Nose drops when you use ailerons too. For a bunch of reasons...our planes tend to have roll rates that, in a full scale aircraft, would be downright lethal, you compensate without realizing it after years of experience, etc...it's just not as obvious or dramatic.

Specifically, however, it's really nothing more than a function of drag, and the airplane doing what it can to offset the effects. Consider this:

The key to EVERYTHING an airplane does (I'm paraphrasing Wolfgang Langewiesche here) is understanding that at any given angle of attack the airplane will fly at a constant airspeed of X....regardless of power (we'll come back to that in a minute).

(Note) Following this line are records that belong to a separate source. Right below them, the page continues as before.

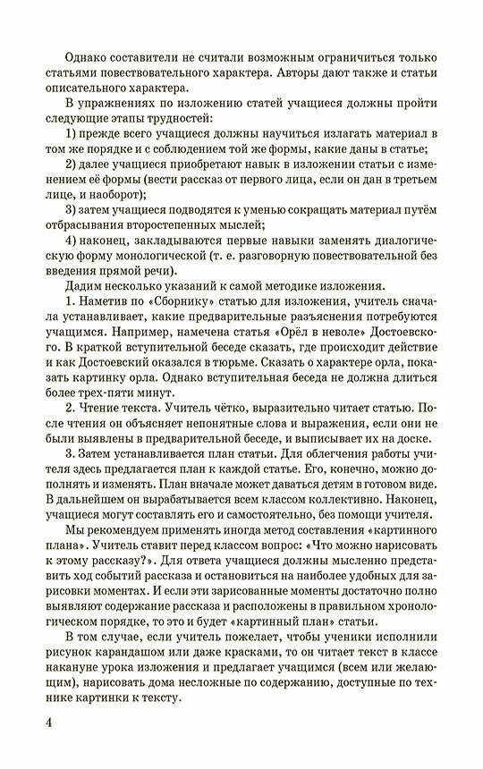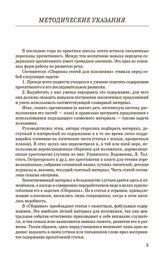 Статьи охватывают широкий спектр тем и стилей, от использования диалога до описательной письменности, а также включения личных наблюдений. Кроме самих текстов для изложения, после каждой статьи добавлен план с выделенными вопросами для пересказа. К некоторым статьям авторы рекомендуют задания для творческих пересказов, самостоятельных сочинений и словарной работы.
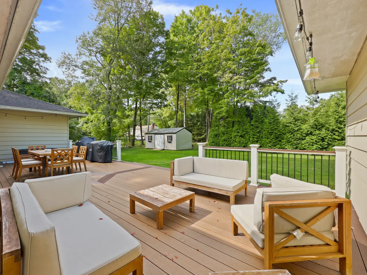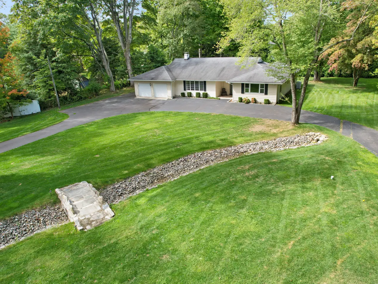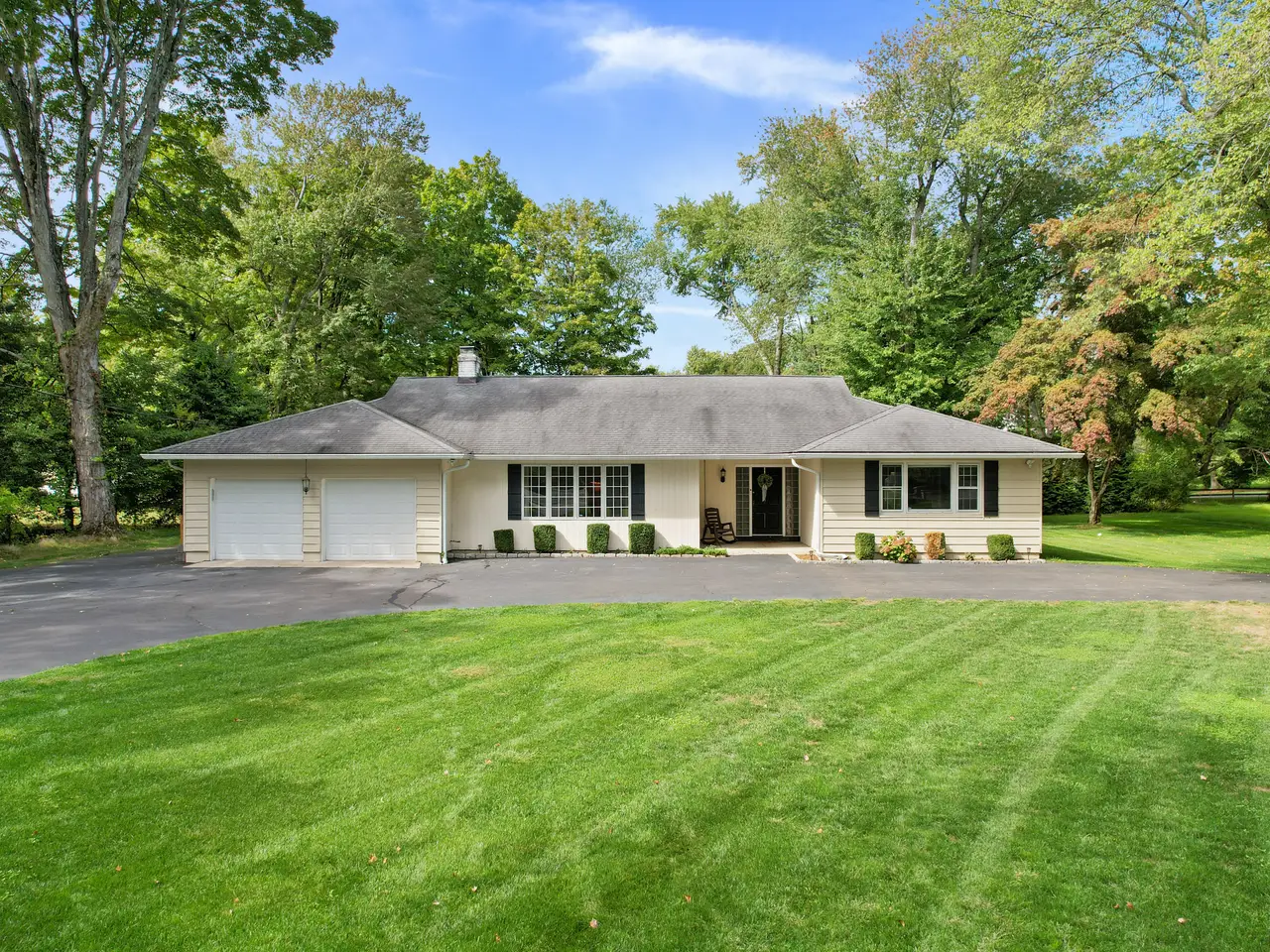 This inviting 4-bedroom ranch sits on one level acre in a great location. Wraparound driveway leads to a welcoming foyer and huge family room with fireplace, play area and two seating areas. Primary suite with walk-in closet and en-suite bath; as well as two large bedrooms and a full bath on one side of the house. Dining room with bar and kitchen leads to large Azek deck, ideal for outdoor entertaining. Separate guest suite with full bath would make a great in-law or nanny suite. Laundry room, mudroom and attached 2-car garage. Updates include newer landscaping and freshly painted interiors. HVAC, duct insulation, and hot water heater were all replaced in 2024. For golf lovers, there's a Tom Fazio-designed Swilcan Bridge, replica from St. Andrews in the front of the front of the property.
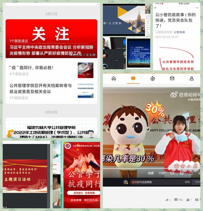 近期疫情发生以来,公共管理学院党委从严从紧从实贯彻落实校党委疫情防控部署和要求,坚持以立德树人为根本,制定完善《疫情防控期间开展“线上思政”系列活动方案》,不断完善“五个上线”网络思政工作机制,通过学院各类线上平台,推进“政治学习、专业拓展、防疫知识、文体活动、榜样事迹” “五个上线”,将党旗高扬在网络阵地上,在统筹疫情防控中推进落实校党委党建和思政守正创新“八大工程”,推动“三全育人”综合改革。
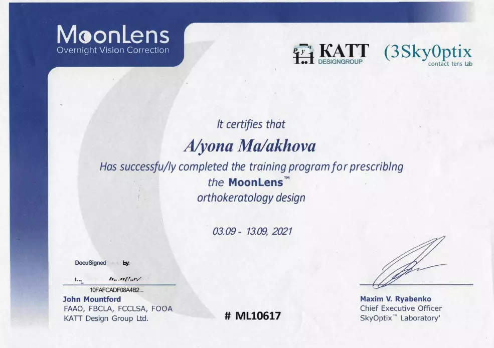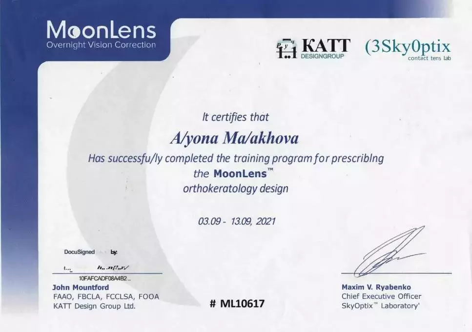 - подбор Ортокератологических линз стандартного дизайна -Moonlens,
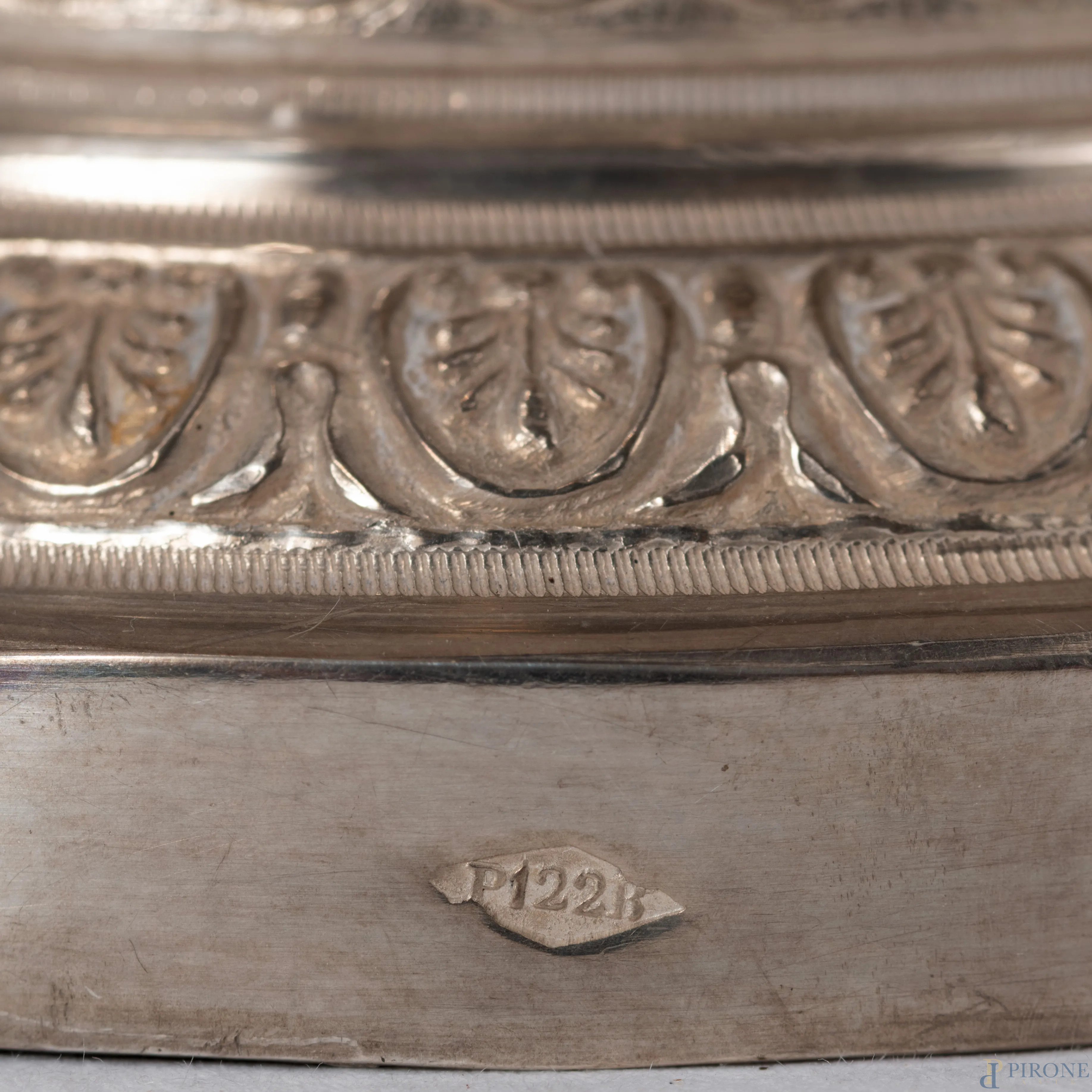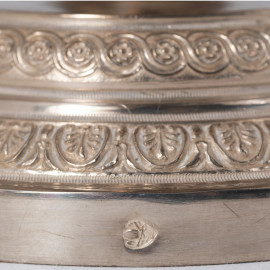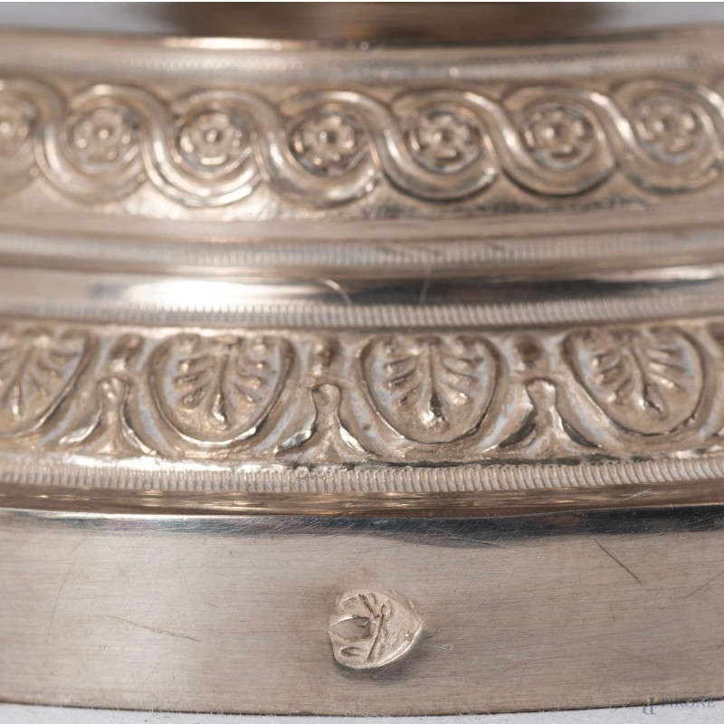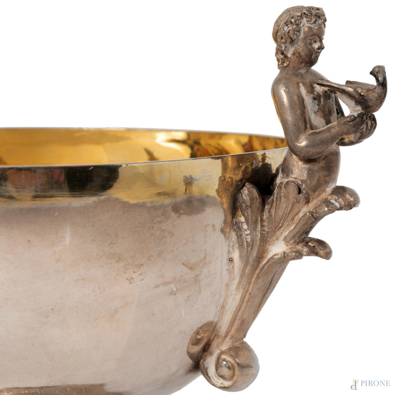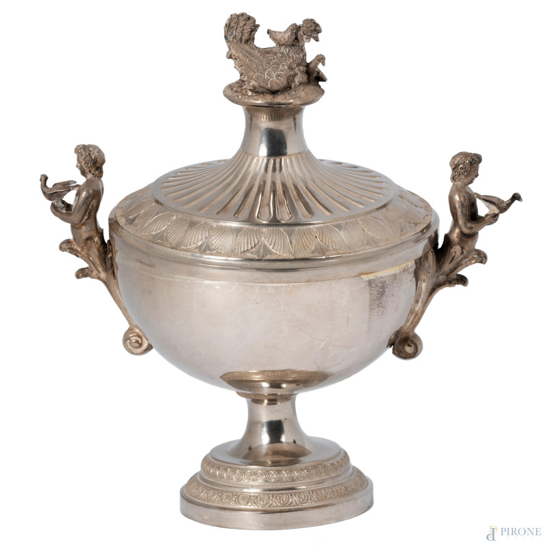 Alzata in argento con prese a rilievo a guisa di giovani con colombe. Coperchio con presa di volatili ed interno vermeil, altezza cm 20, peso gr 410

Apply rudder, change the drag, airplane tries to re-find the SAME AIRSPEED because it seeks to maintain the SAME ANGLE OF ATTACK (all other things being equal).

There's only one way it can do this...point the nose down.

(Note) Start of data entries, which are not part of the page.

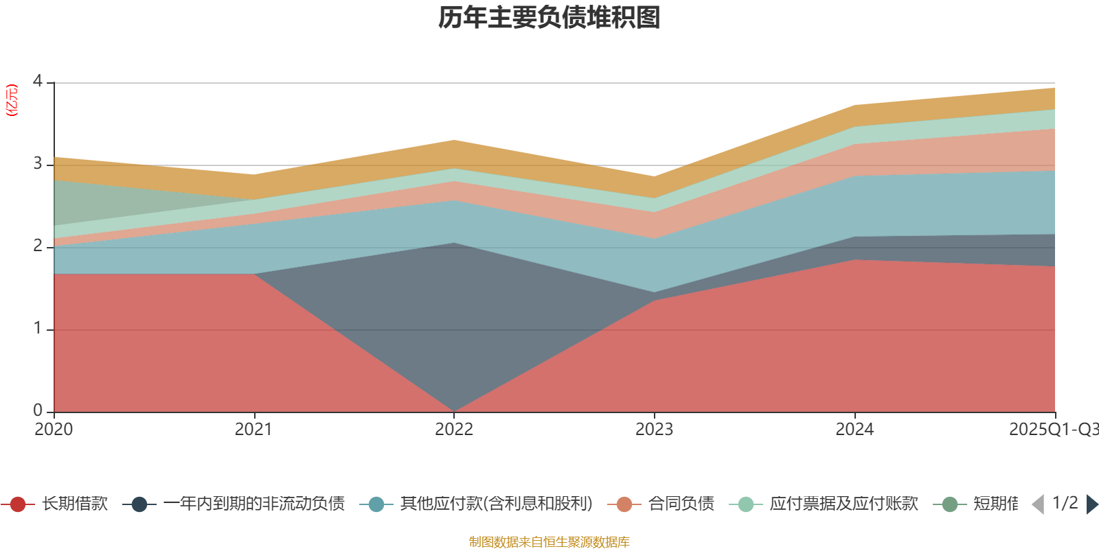 负债重大变化方面,截至2025年三季度末,公司合同负债较上年末增加31.64%,占公司总资产比重上升1.45个百分点;长期借款较上年末减少4.34%,占公司总资产比重下降1.41个百分点;一年内到期的非流动负债较上年末增加38.75%,占公司总资产比重上升1.31个百分点;其他应付款(含利息和股利)较上年末增加4.83%,占公司总资产比重上升0.28个百分点。
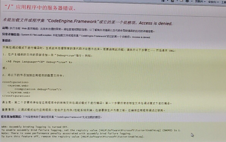 问题描述:网站突然报错——未能加载文件或程序集“CodeEngine.Framework”或它的某一个依赖项。Access is denied
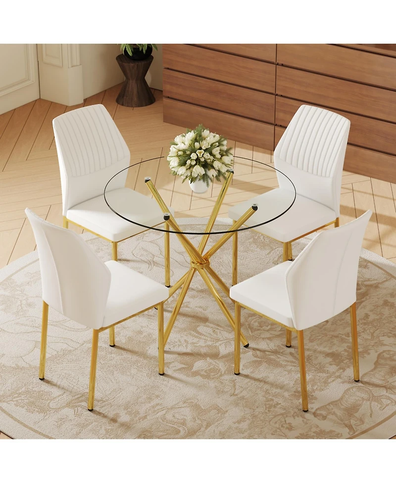 Streamdale Furniture 4-Piece Round Glass Dining Set with White-Gold Chairs

Now, our problem here is a couple of things. First, the drag isn't equal along the sides of the airplane. That is to say, you roll with ailerons, and for most practical purposes (this isn't technically accurate, but it'll work for this conversation) you've applied the same increased drag to each side as one aileron deflects up, the other down. As such, the application of elevator (and thus the change in the angle of attack of the aircraft) is "consistent" along the length of the aircraft. (Again...something of a gross oversimplification, but it'll work for now).

With rudder, the induced drag is greater on the side the elevator was deflected to. Here's where the real "difference" is from the airplane's point of view. Since it yawed its nose, say, left in this case, it has changed not only the angle of attack of the wings, but also changed THE AMOUNT OF AIR THEY'RE SEEING. In a very real sense, you just gave the airplane one wing that's smaller than the other.

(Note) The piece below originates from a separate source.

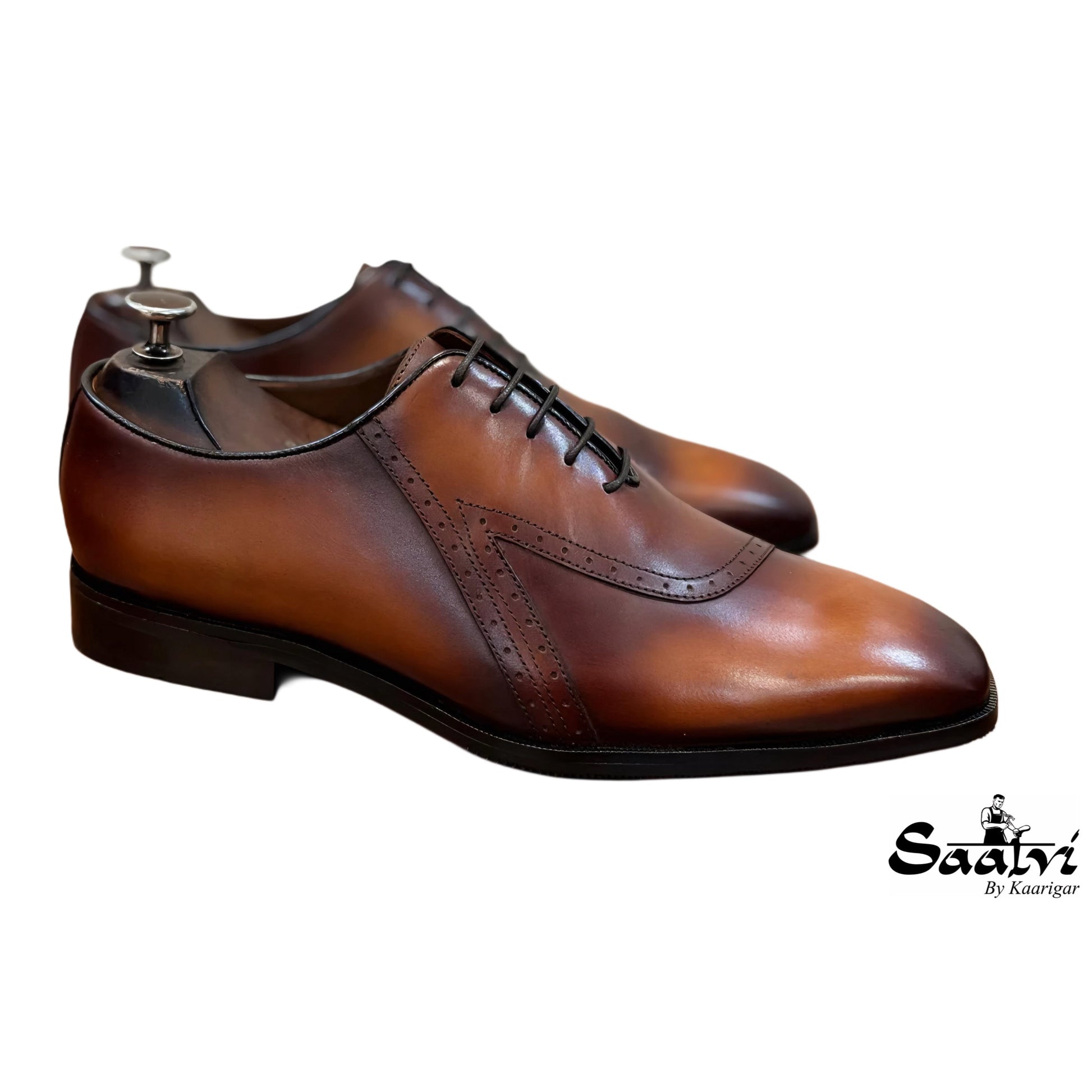 Golden Color Metal Aglets Shoelace Tips, which gives a Luxury and Fashionable look Brogue features and perforation on Toe
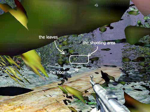 The target zone, or shooting area, is very restricted. It's located just above the floor (that light gray texture -obviously shooting the floor is useless), and to the left of the road, near some leaves (pic. 5). Note that the leaves are not still, they're constantly swaying due to the breeze, making it a little harder to mark the right shooting area. Also, the leaves seem to be randomly distributed so do not trust their position but instead pay attention to the extension of the shooting area, as shown in the picture.

The only option the aircraft has, in its constant, unchangeable, and inarguable effort to ALWAYS maintain its current AoA/Airspeed is to make life easier for itself...point the nose down.

If you REALLY want to "prove" this to yourself...that it is ENTIRELY a function of the aircraft trying to maintain AoA and thus airspeed....try this. When you're out flying rudder/elevator only, give the aircraft a couple clicks of throttle in the turn. Watch the "nose drop" flatten out considerably.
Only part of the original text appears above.